● **EXERCISE GOAL**: Exactly as written, retype the lines that run from the line holding "整场颁奖典礼星光璀璨,徐帆、" through the end of the records below. Do not include pictures.

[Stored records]
□ □ □

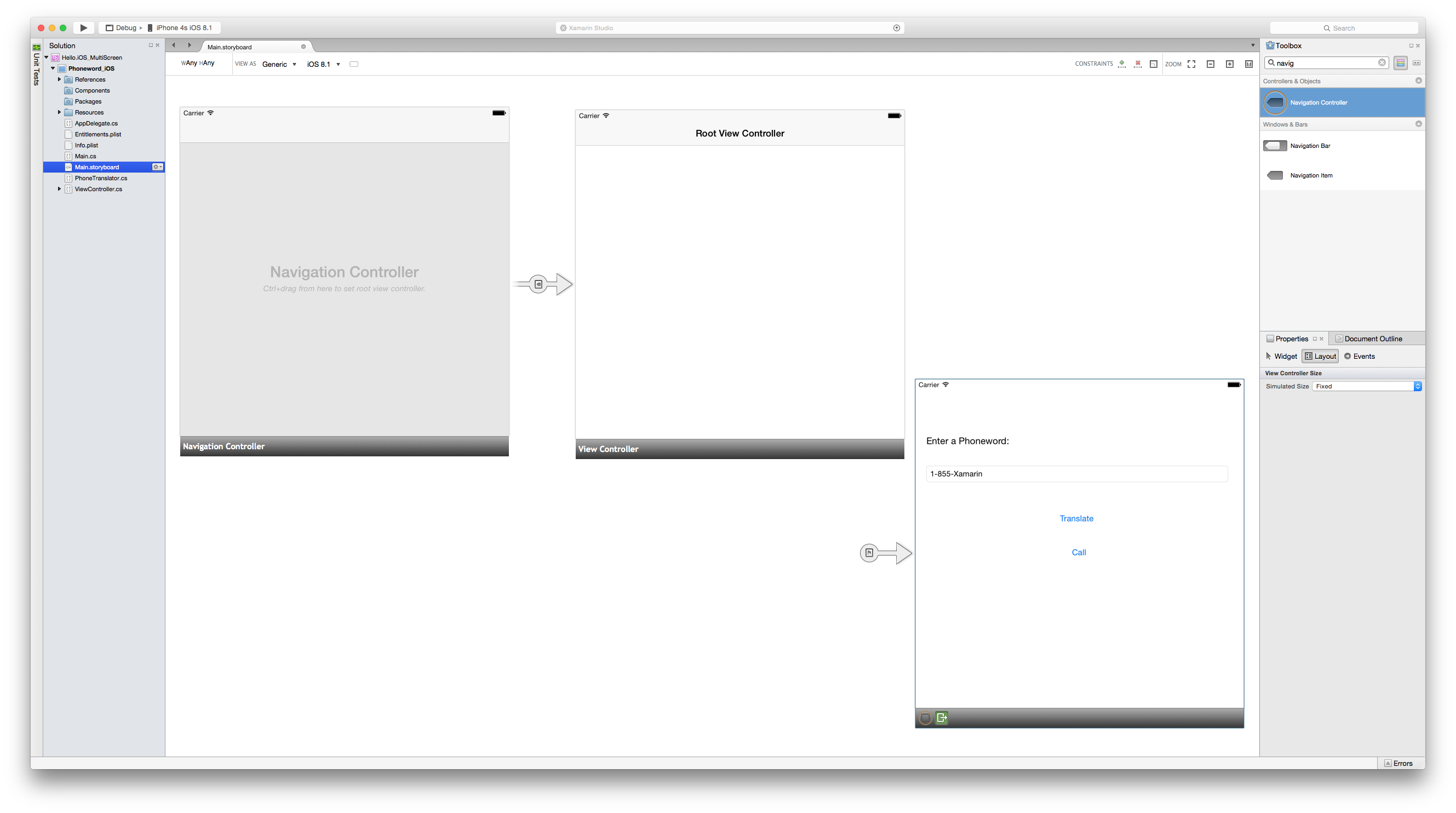 In the walkthrough above, we created navigation between the Phoneword and Call History screens using a Storyboard Segue. Segues are great at handling simple navigation that requires moving from one screen to the next. Segues are not good at handling more complex navigation – for example, conditional navigation when the second screen may be different depending on the user’s behavior on the first screen. In this walkthrough, we’ll learn to handle navigation between screens programmatically.
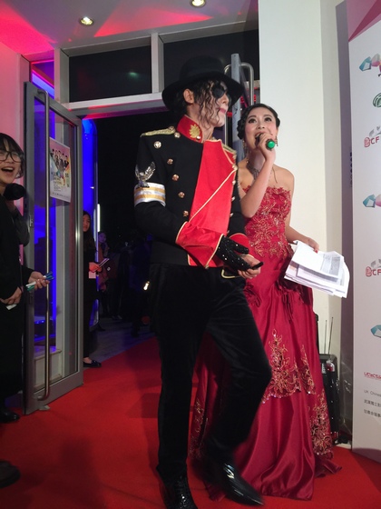 整场颁奖典礼星光璀璨,徐帆、黄宗泽、陈思诚和佟丽娅伉俪、彭丹等都是座上客,其中尤以王杰克逊最为特别。从他以一身标志性的MJ装扮走上红地毯的那刻起,形神兼具的造型便令当地的围观民众惊叹不已,尖叫声四起,有些还流下了感慨的泪水,实在是王杰克逊与MJ太惟妙惟肖了。
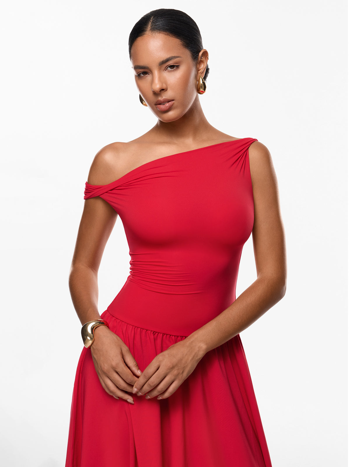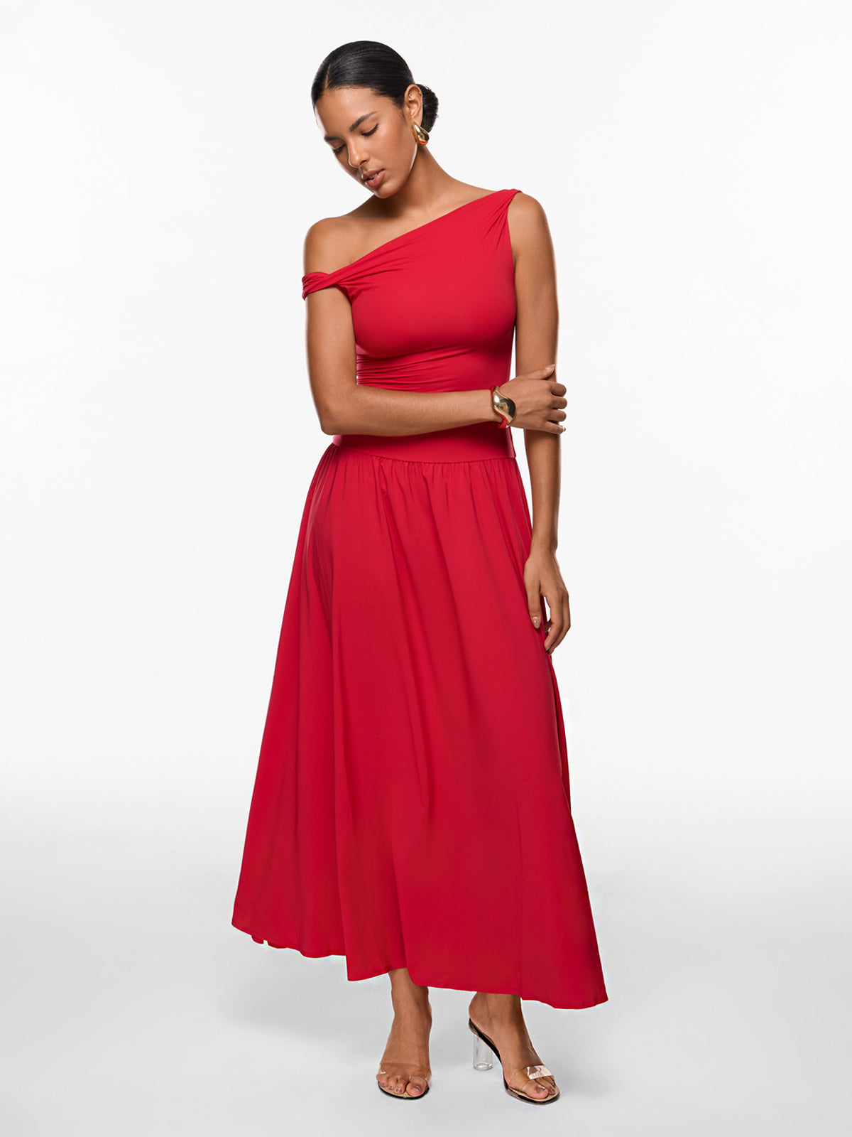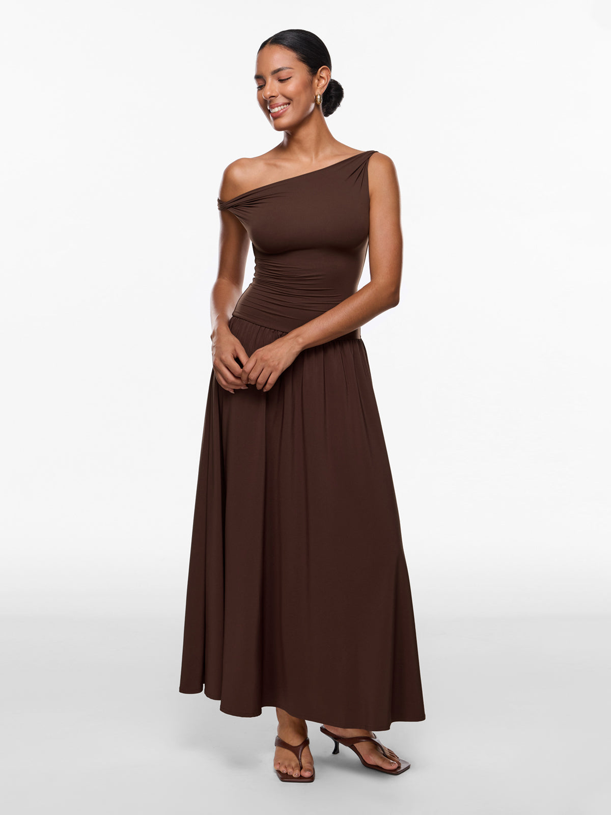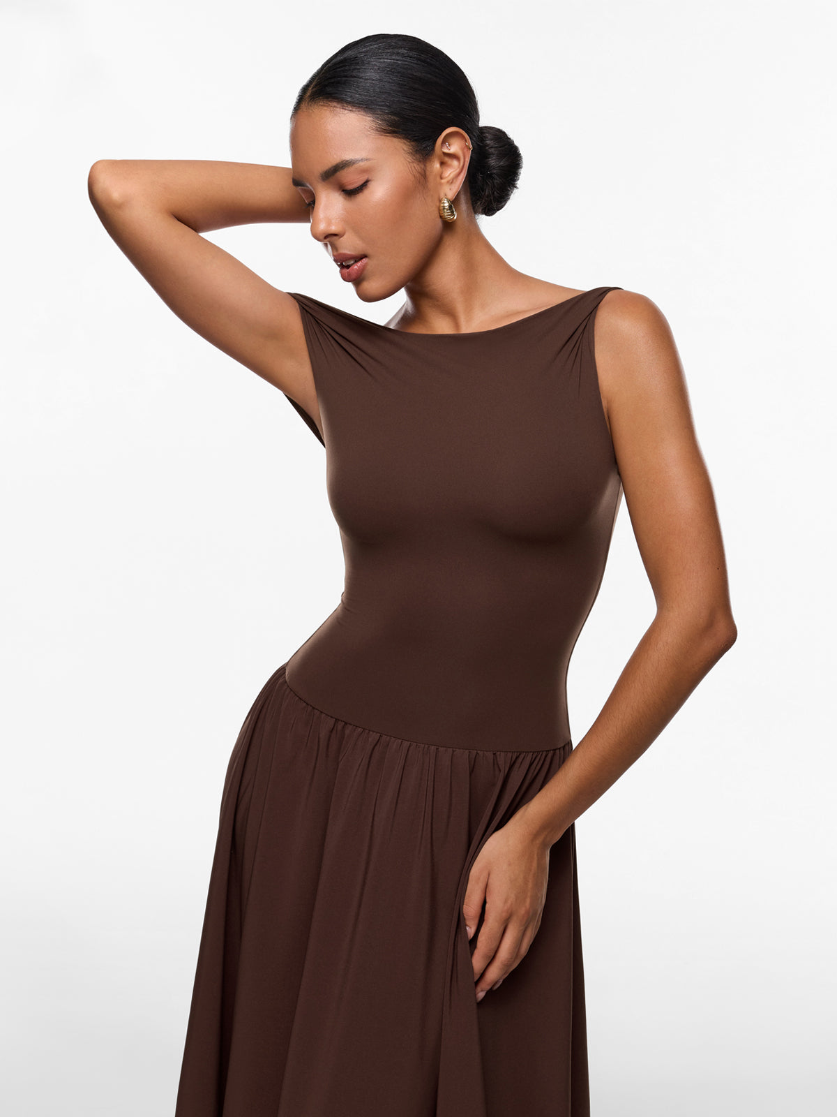 Discover the elegance of our versatile maxi dress. Designed with a double-layered, sculpting top and a flowing single-layer skirt, it beautifully flatters your curves. This ankle-length staple is perfect for any occasion, from work to an evening party. For a shorter fit, we recommend sizing down.
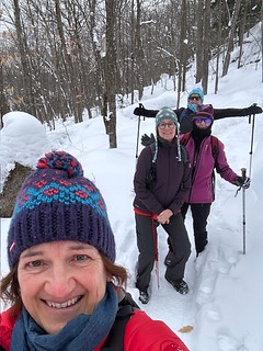 Karen’s snowshoe group of 7 plus one canine companion took advantage of Goldilocks perfect conditions and enjoyed the snow-draped enchanted forest at Parc Regional Sainte-Agathe-des-Monts on Sunday.
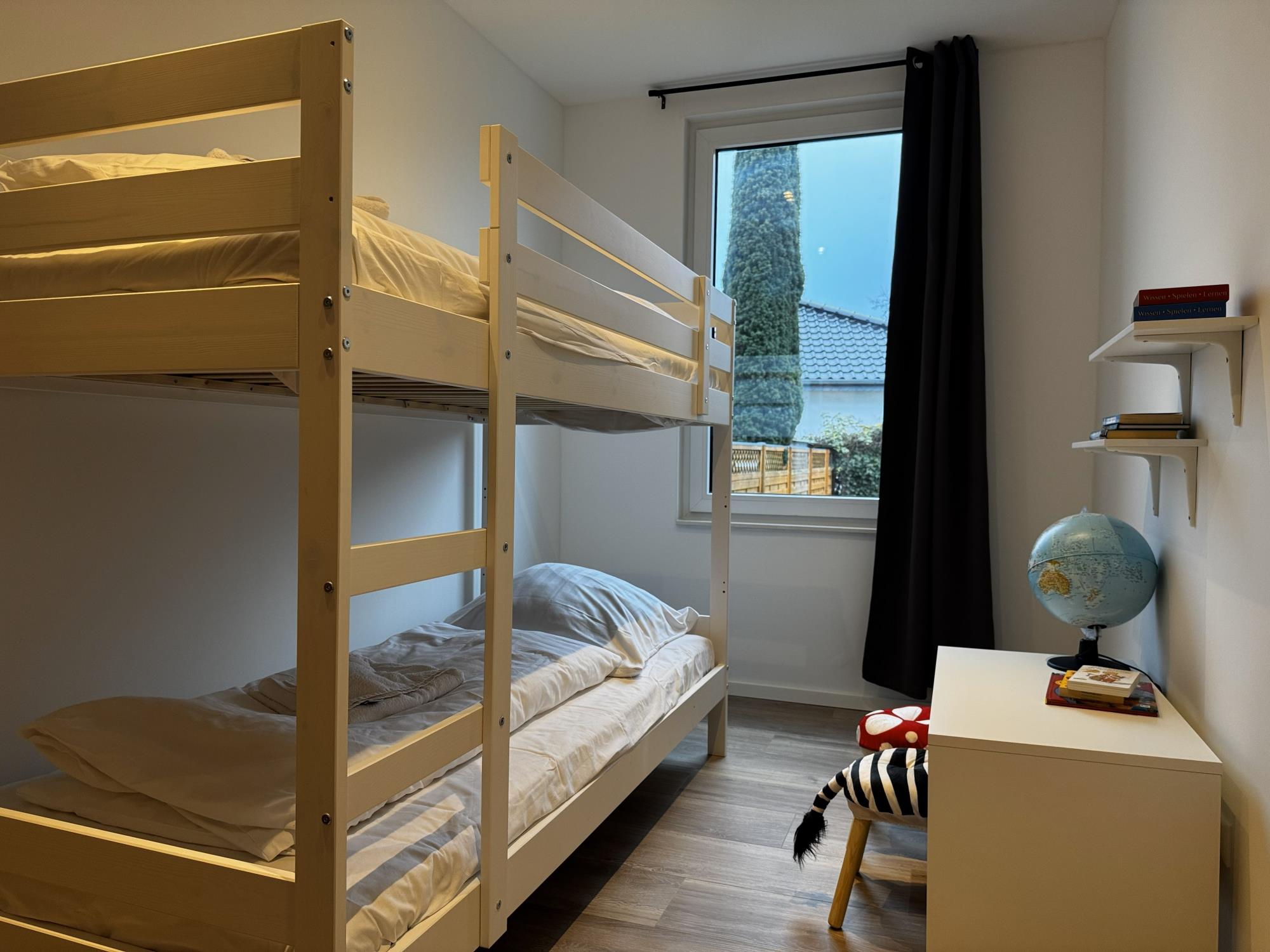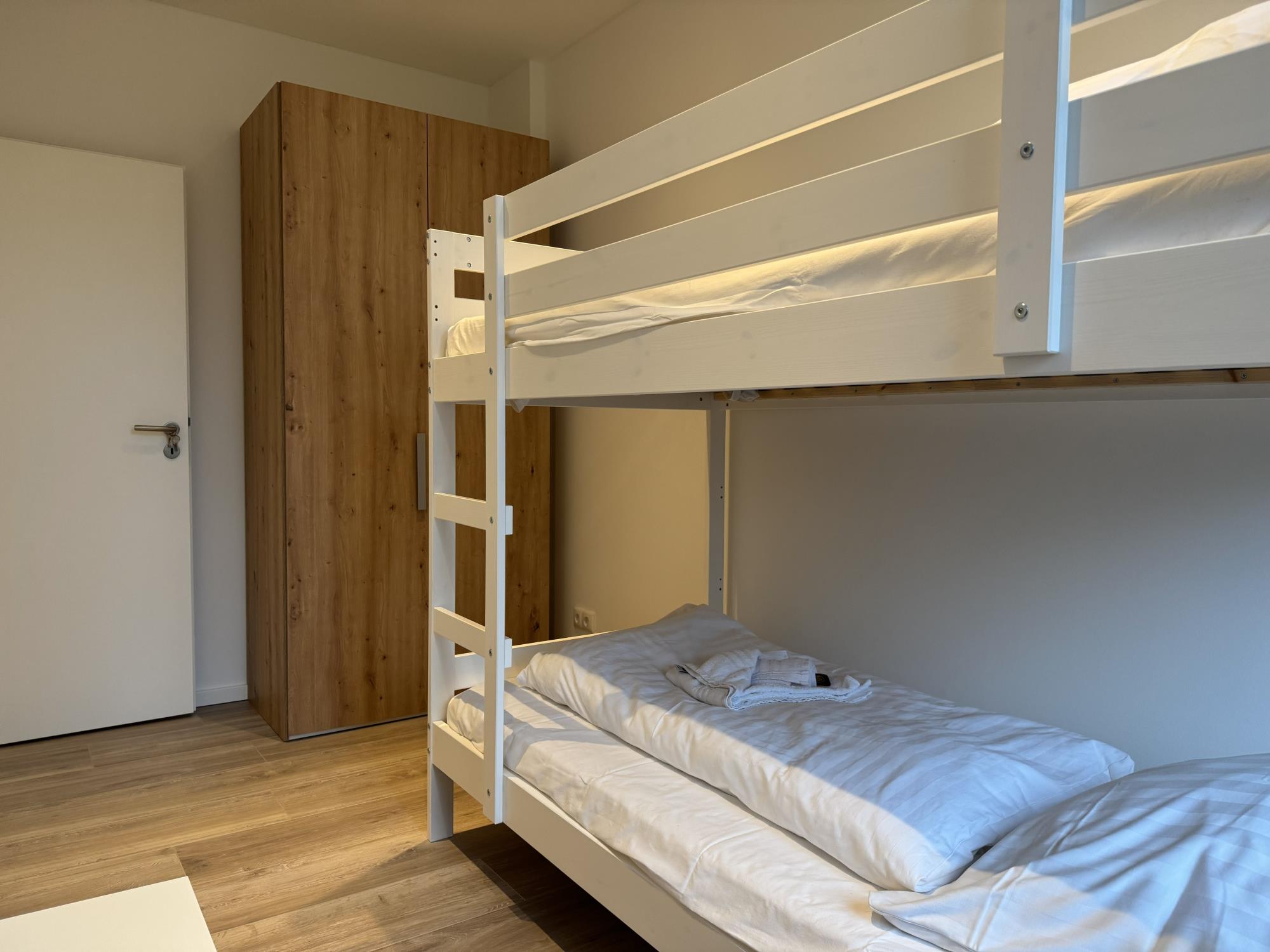 Im ersten Schlafzimmer erwartet Sie ein komfortables Doppelbett (180 x 200 cm) sowie ein geräumiger Kleiderschrank. Das zweite Schlafzimmer ist mit einem Etagenbett (90 x 200 cm) ausgestattet und verfügt ebenfalls über einen Schrank – ideal für Kinder oder Jugendliche.

□ □ □

● **EXERCISE RESULT**:
 整场颁奖典礼星光璀璨,徐帆、黄宗泽、陈思诚和佟丽娅伉俪、彭丹等都是座上客,其中尤以王杰克逊最为特别。从他以一身标志性的MJ装扮走上红地毯的那刻起,形神兼具的造型便令当地的围观民众惊叹不已,尖叫声四起,有些还流下了感慨的泪水,实在是王杰克逊与MJ太惟妙惟肖了。
 Discover the elegance of our versatile maxi dress. Designed with a double-layered, sculpting top and a flowing single-layer skirt, it beautifully flatters your curves. This ankle-length staple is perfect for any occasion, from work to an evening party. For a shorter fit, we recommend sizing down.
 Karen’s snowshoe group of 7 plus one canine companion took advantage of Goldilocks perfect conditions and enjoyed the snow-draped enchanted forest at Parc Regional Sainte-Agathe-des-Monts on Sunday.
 Im ersten Schlafzimmer erwartet Sie ein komfortables Doppelbett (180 x 200 cm) sowie ein geräumiger Kleiderschrank. Das zweite Schlafzimmer ist mit einem Etagenbett (90 x 200 cm) ausgestattet und verfügt ebenfalls über einen Schrank – ideal für Kinder oder Jugendliche.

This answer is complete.